The first implementation step is to create a class file that represents the logical grouping of items that should be stored together in the single object. The following is a sample class that demonstrates the technique:
public class singleton
{
  //Name that will be used as key for Session object
  private const string SESSION_SINGLETON = "SINGLETON";

  //Variables to store the data (used to be individual
  // session key/value pairs)
  string lastName = "";
  string firstName = "";

  public string LastName
  {
    get
    {
      return lastName;
    }
    set
    {
      lastName = value;
    }
  }

  public string FirstName
  {
    get
    {
      return firstName;
    }
    set
    {
      firstName = value;
    }
  }

  //Private constructor so cannot create an instance
  // without using the correct method.  This is 
  // this is critical to properly implementing
  // as a singleton object, objects of this
  // class cannot be created from outside this
  // class
  private singleton()
  {
  }

  //Create as a static method so this can be called using
  // just the class name (no object instance is required).
  // It simplifies other code because it will always return
  // the single instance of this class, either newly created
  // or from the session
  public static singleton GetCurrentSingleton()
  {
    singleton oSingleton;

    if (null == System.Web.HttpContext.Current.Session[SESSION_SINGLETON])
    {
      //No current session object exists, use private constructor to 
      // create an instance, place it into the session
      oSingleton = new singleton();
      System.Web.HttpContext.Current.Session[SESSION_SINGLETON] = oSingleton;
    }
    else
    {
      //Retrieve the already instance that was already created
      oSingleton = (singleton)System.Web.HttpContext.Current.Session[SESSION_SINGLETON];
    }

    //Return the single instance of this class that was stored in the session
    return oSingleton;
  }
}

A page that wants to use this object simply does the following:
    singleton oSingleton = singleton.GetCurrentSingleton();
    oSingleton.FirstName = "Robert";
    oSingleton.LastName = "Boedigheimer";

Typically this technique will store many more variables in the given class or will be used for a series of web pages that perform a process. Another advantage of using this for a process on a web site is that all of the memory required for the session variables can be cleared out by simply removing the reference to the singleton object.

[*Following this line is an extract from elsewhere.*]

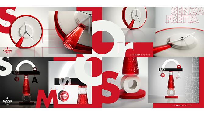 Infine, un orologio #SenzaFretta è stato ciò che Matteo Agati (designer e consulente creativo) ha ideato per la collezione. Lo speciale oggetto, così indispensabile per la nostra quotidianità, non segna le ore della giornata, non dà loro importanza, ad eccezione fatta per quella dell’aperitivo (l’ora senza fretta per eccellenza), evidenziata da una bottiglietta di Campari Soda. Un modo unico e divertente per fermare il tempo per un attimo e far scivolare via tutti i pensieri.

The class can implement a method that clients can use to clear the reference, it can be named Dispose() to follow the typical .Net pattern when a class provides a way to cleanup:
		
  public static void Dispose()
  {
    //Cleanup this object so that GC can reclaim space
    System.Web.HttpContext.Current.Session.Remove(SESSION_SINGLETON);
  }

Conclusion

There are many advantages to using singleton objects stored in the Session object rather than using individual session keys for storing information. It is useful for objects that are meant to exist for the entire session (grouping logical items, impact analysis, intellisense, etc) and especially for objects that are really only needed for a period of time on a web site until the user completes a particular process (much easier to identify misuse of variables and to conserve resources when the process is completed but the session will continue).